> [Extracted information]
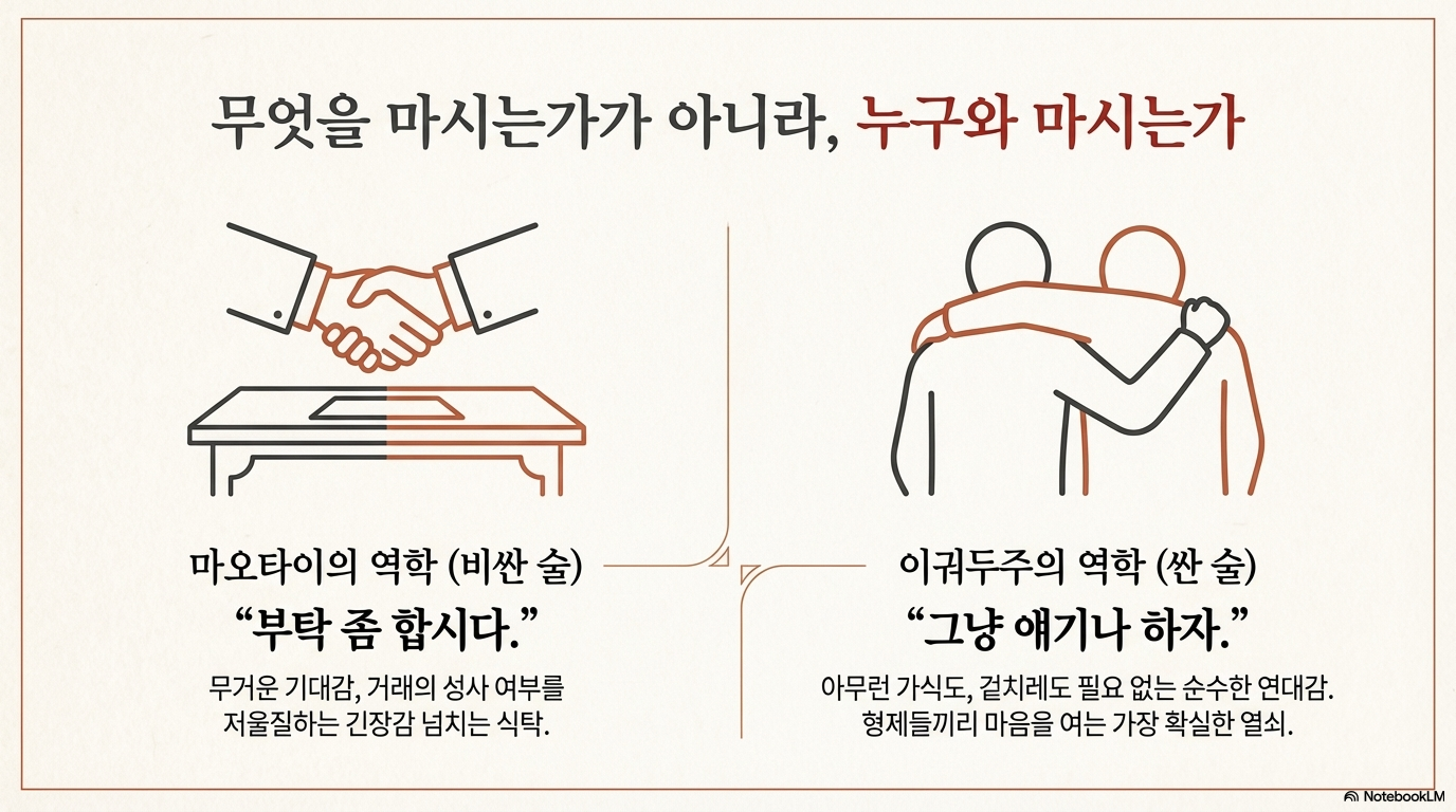 - 체면의 술: 비싼 술은 대개 부탁할 일이 있거나 격식을 차려야 할 때 마십니다. 한 잔의 가격을 계산하느라 술맛보다는 상대의 눈치를 보게 마련이죠.
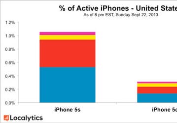 По подсчетам Localytics, в США смартфонов iPhone 5s за эти выходные было продано в 3,4 раза больше, чем iPhone 5c
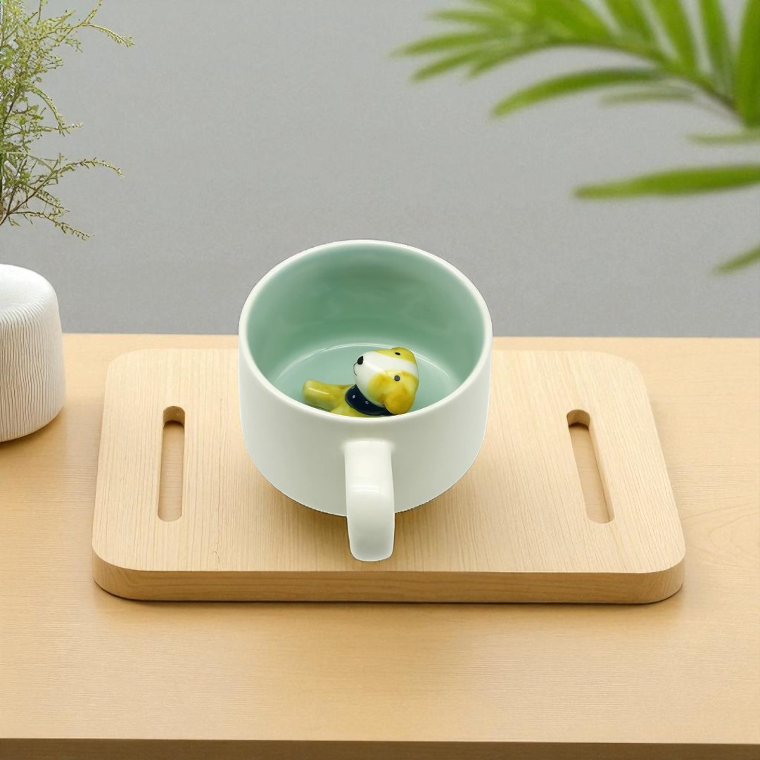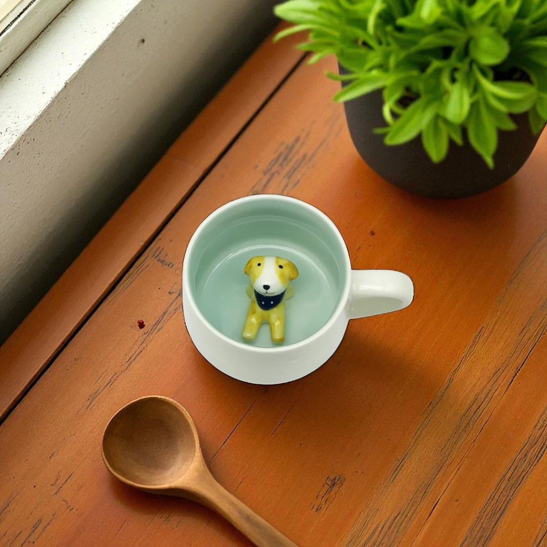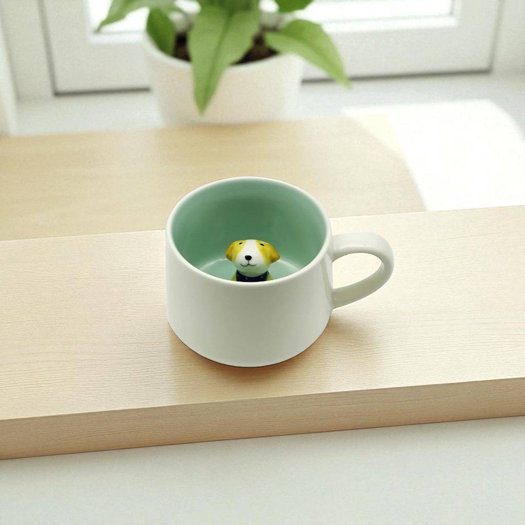 - Hidden ceramic dog figurine inside the mug
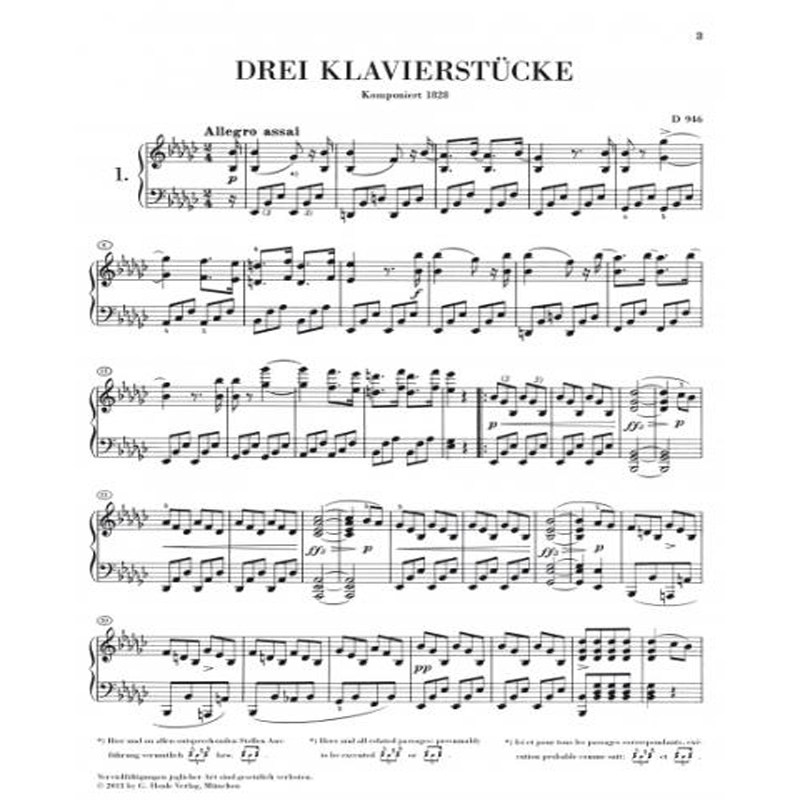 Оригинальные зарисовки Шуберта Шуберта Три фортепиано D946 Schubert 3 Klavierstucke D946 Solo HN66 Sonato Music Scores, пять энтузиастов классической музыки Spectrum
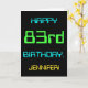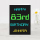 Ce design simple et amusant de carte de voeux d'anniversaire comporte un message comme "HAPPY 83rd BANTHDAY, JENNIFER!". Il présente également un look amusant inspiré de l'informatique numérique. Le nom à l'avant et le message à l'intérieur peuvent être personnalisés. Il pourrait être envoyé ou donné à quelqu'un qui célèbre son quatre-vingt-troisième anniversaire et qui peut-être travaille (ou a travaillé avant la retraite) comme administrateur de système informatique, programmeur informatique, administrateur réseau, ingénieur électrique, développeur logiciel, ou qui aime utiliser des ordinateurs. [~Z0000100]
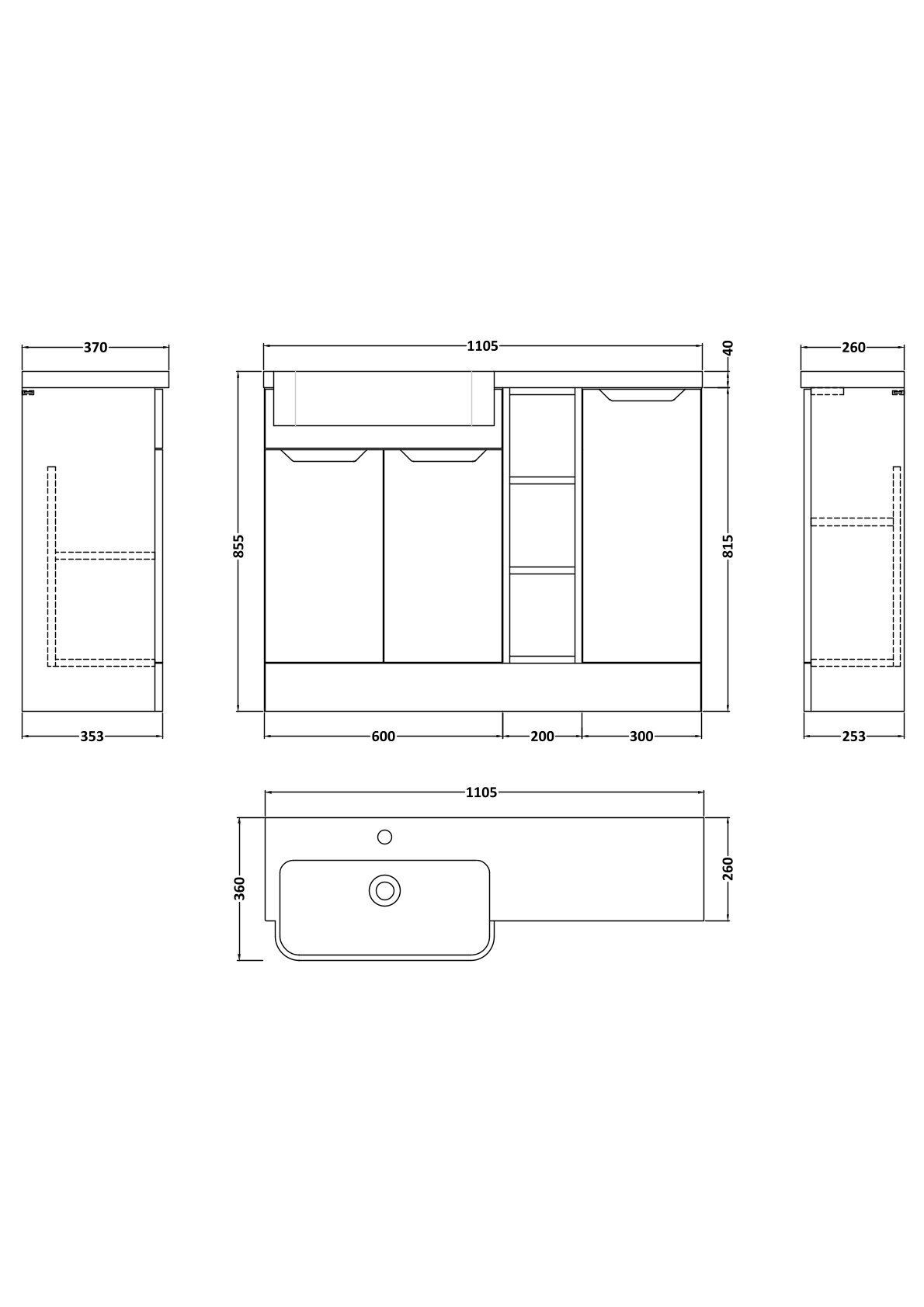 Supplied with luxury polymarble left-hand basin, predrilled with 1 tap hole.

> [Requirement]
Leave the pictures out and output exactly the lines above, from the start of the listing through the line with "Оригинальные зарисовки Шуберта".

> [Reply to the task]
 - 체면의 술: 비싼 술은 대개 부탁할 일이 있거나 격식을 차려야 할 때 마십니다. 한 잔의 가격을 계산하느라 술맛보다는 상대의 눈치를 보게 마련이죠.
 По подсчетам Localytics, в США смартфонов iPhone 5s за эти выходные было продано в 3,4 раза больше, чем iPhone 5c
 - Hidden ceramic dog figurine inside the mug
 Оригинальные зарисовки Шуберта Шуберта Три фортепиано D946 Schubert 3 Klavierstucke D946 Solo HN66 Sonato Music Scores, пять энтузиастов классической музыки Spectrum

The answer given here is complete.